La nueva tendencia de una antigua tentación.
A fines de marzo y a principios de abril, y gracias a la Inteligencia Artificial (IA), las redes sociales se llenaron de personas que subían fotos suyas con un estilo de dibujo llamado “anime”. Así, muchos usuarios optaron por caricaturizar sus fotos según diferentes estilos o escuelas de diseño: “Pixar”, “Knitted toy”, “Minecraft”, “Lego”, “Muppet” y, el más viralizado: “Studio ghibli”.
Esto se debe a que, con los avances de la IA, herramientas como ChatGPT ahora permiten crear imágenes a partir de descripciones textuales. Basta con escribir cómo se quiere que algo luzca, y en segundos (¡como mágicamente!) aparece una ilustración exacta del deseo.
Así como hoy diseñamos imágenes digitales a gusto, muchas veces también diseñamos algo que podríamos llamar “Un dios personalizado”; es decir, uno adaptado a nuestras preferencias, estilo de vida y visión del mundo, como si de un “prompt” de ChatGPT se tratara.
Esta práctica, aunque sutil, es peligrosa porque “creamos” un dios que nunca nos confronta, que aprueba todo lo que pensamos o sentimos, que se adapta a nuestros tiempos y no exige transformación alguna. Sin duda, esto puede parecer más cómodo para nosotros, pero un dios así no sería el Dios de la Biblia. Es —apenas— una proyección de nosotros mismos con disfraz de divinidad.

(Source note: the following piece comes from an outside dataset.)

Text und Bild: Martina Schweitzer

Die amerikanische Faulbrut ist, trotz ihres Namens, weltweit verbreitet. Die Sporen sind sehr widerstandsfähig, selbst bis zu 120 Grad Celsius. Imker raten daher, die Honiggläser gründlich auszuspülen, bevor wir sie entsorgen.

Esto ya sucedió en la historia del pueblo de Dios. En Éxodo 32, por ejemplo, leemos que Israel (al sentir la ausencia física de Moisés) le pidió a Aarón que les hiciera dioses para que los guiaran y fueran delante de ellos (vers. 1). Así, nació el becerro de oro, o sea, una imagen tangible, familiar y (por sobre todo) controlable. Fue una manera de tener un dios “a medida”, visible y palpable, aunque vacío de verdad. Y la consecuencia fue el desvío espiritual y el juicio divino.

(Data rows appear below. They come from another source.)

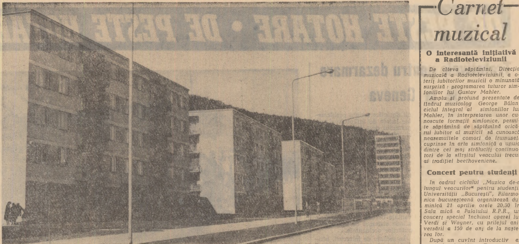
Construcții noi în Piatra Neamț

Colectivul sectorului nostru, toți muncitorii, inginerii și tehnicienii sînt ferm convinși că aplicarea metodelor înalte în forță constituie o cale sigură de sporire necontenită a productivității muncii — sarcină importantă pusă de partid în fața tuturor oamenilor muncii din patria noastră. Pînă la sfîrșitul anului vom extinde forjarea pe maxiprese a încă 15 reperi ceea ce va duce la creșterea productivității muncii între 7 și 15 la sută. Vom trece apoi în mod experimental la matrițarea danturii pinionelor cilindrice și vom extinde la încă 10 reperi încălzirea semifabricatelor prin curenți de înaltă frecvență.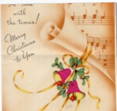
FIESTA DE NAVIDAD

3º ciclo (alumnado de 5º y 6º de primaria): martes 18 de diciembre a las 17.00 h.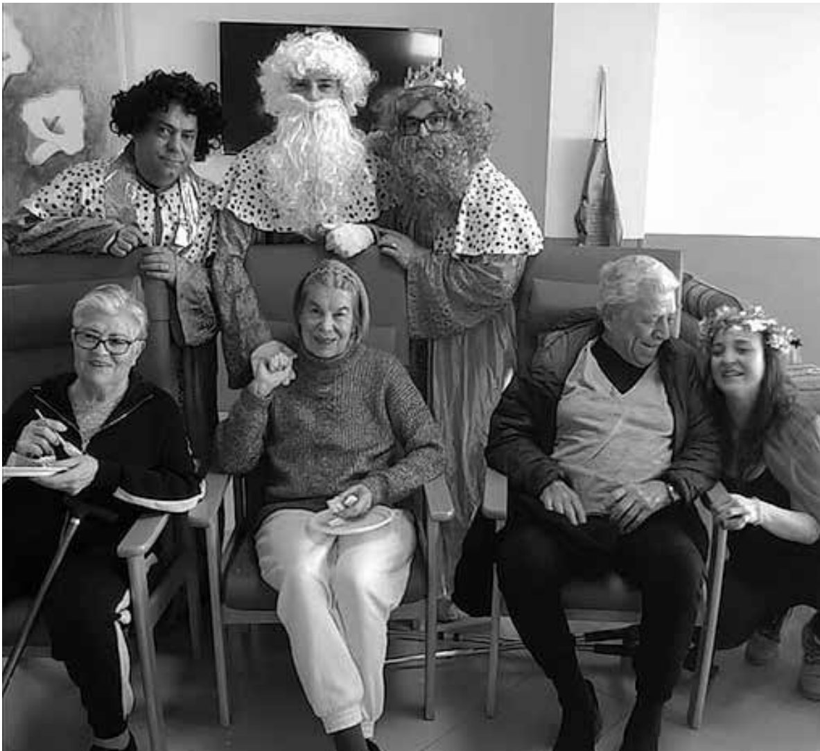
Los Reyes Magos junto con usuarios de centro de día.

Como en años anteriores, en estas fechas tan señaladas, el centro se vistió de gala para celebrar la Navidad. Este año disfrutamos de diferentes talleres navideños para la decoración del centro, cinefórum de temática navideña, bingo especial, actuaciones, villancicos, nuestra ya famosa fiesta de Fin de Año en la que tomamos las uvas y brindamos y bailamos por el nuevo año, y la llegada de Sus Majestades los Reyes Magos, que dejaron presentes para todos de nuestros residentes y usuarios de centro de día y que celebramos con un rico roscón. Encaramos el nuevo año con ilusión, el 2024, en el que continuamos esforzándonos por nuestros residentes y usuarios de centro de día con nuestras actividades ordinarias diarias y extraordinarias como las sesiones de perroterapia, salidas culturales, actuaciones musicales, las sesiones del proyecto Alimentamos las emociones, etc. Esperamos que disfrutéis con nosotros.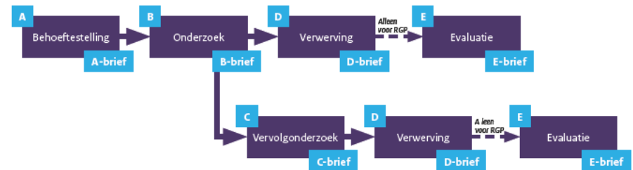
Figuur 1: Processchema DMP

Investeringsprojecten tussen de € 50 miljoen en € 250 miljoen worden na de A-fase gewoonlijk door de staatssecretaris van Defensie gemandateerd aan de ambtelijke organisatie (Kamerstuk 27 830, nr. 379 van 1 november 2022). Mandatering van projecten van meer dan € 250 miljoen is mogelijk in het geval van eenvoudige, weinig risicovolle en politiek niet gevoelige investeringsprojecten met een grotere financiële omvang, of als feitelijk al vast staat hoe de behoefte moet worden vervuld omdat er maar één aanbieder is of weinig aanbieders zijn. Ook is mandatering aan de orde als het gaat om kapitale munitie. Indien een project van meer dan € 250 miljoen wordt gemandateerd, zal de A-brief in ieder geval ingaan op de projectrisico's en het al dan niet voorhanden zijn van verwervingsalternatieven.

Otro ejemplo aparece en Romanos 1, donde Pablo explica que los hombres cambiaron la gloria del Dios incorruptible por imágenes corruptibles, y como resultado su pensamiento se entenebreció. Es decir, crear una imagen falsa de Dios —aunque no sea una escultura física— nos lleva a una relación falsa con él, a un entendimiento distorsionado del bien, del mal, y también de nosotros mismos. En vez de ser nosotros transformados por Dios, lo transformamos a él en una idea que nos deja igual, a merced de nuestros gustos e inclinaciones.
Este fenómeno también ocurre hoy cuando decimos frases como: “Yo no creo en un Dios que juzga”, “Para mí, Dios solo quiere que yo sea feliz, así que puedo hacer lo que me gusta” y “Yo me conecto con Dios a mi manera”. Aunque suenan modernas, estas frases reflejan una vieja estrategia del corazón humano: mantener el control.

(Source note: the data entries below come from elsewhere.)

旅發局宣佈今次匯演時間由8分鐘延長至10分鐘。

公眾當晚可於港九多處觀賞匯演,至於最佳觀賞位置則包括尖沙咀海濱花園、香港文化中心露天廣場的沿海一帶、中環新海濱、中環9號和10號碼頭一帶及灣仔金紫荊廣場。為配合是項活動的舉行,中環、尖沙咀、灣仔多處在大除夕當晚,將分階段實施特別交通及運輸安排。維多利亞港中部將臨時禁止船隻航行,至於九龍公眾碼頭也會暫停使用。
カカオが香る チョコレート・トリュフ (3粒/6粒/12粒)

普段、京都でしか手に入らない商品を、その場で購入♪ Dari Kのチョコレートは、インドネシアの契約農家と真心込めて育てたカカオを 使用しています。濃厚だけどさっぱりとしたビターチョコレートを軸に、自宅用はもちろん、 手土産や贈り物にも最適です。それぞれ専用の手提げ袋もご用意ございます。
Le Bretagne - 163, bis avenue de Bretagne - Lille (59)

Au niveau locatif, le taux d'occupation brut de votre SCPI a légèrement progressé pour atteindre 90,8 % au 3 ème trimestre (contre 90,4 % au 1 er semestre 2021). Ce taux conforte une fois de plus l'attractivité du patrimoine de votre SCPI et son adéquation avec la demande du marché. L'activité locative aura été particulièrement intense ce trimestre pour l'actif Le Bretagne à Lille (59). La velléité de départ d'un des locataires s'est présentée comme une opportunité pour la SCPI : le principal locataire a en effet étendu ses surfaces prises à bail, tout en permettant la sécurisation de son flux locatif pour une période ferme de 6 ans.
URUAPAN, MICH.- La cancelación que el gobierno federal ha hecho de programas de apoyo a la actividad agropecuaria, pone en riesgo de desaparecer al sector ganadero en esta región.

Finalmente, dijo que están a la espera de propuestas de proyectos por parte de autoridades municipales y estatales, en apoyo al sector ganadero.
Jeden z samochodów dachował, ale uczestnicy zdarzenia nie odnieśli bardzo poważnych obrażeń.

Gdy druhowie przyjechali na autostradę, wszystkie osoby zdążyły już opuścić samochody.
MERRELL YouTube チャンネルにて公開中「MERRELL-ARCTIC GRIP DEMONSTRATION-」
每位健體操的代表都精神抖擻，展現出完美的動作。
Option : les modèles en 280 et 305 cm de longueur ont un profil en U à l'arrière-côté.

No obstante, el Dios verdadero no es una construcción cultural, ni mucho menos emocional. Él es quien dice ser en su Palabra, no quien nosotros queremos que sea.
Por eso, vale la pena hacer una pausa y preguntarnos: ¿Estoy conociendo realmente al Dios de la Biblia o solo estoy alimentando una imagen de él hecha a mi gusto? ¿Estoy dejando que él me transforme o estoy moldeando mi fe para no tener que arrepentirme de mis pecados y cambiar de vida?
Hoy, en un mundo lleno de opciones e interpretaciones, el llamado sigue siendo el mismo: “No tendrás otros dioses fuera de mí” (Éxo. 20:3). Volver a estudiar en profundidad la Escritura, rendir nuestras ideas a las de la Biblia, y aceptar que Dios es infinitamente más grande, más santo y más sabio que nuestras proyecciones es el primer paso para una relación auténtica y transformadora con él.
Dios no necesita ser rediseñado. Nosotros sí. Y por completo.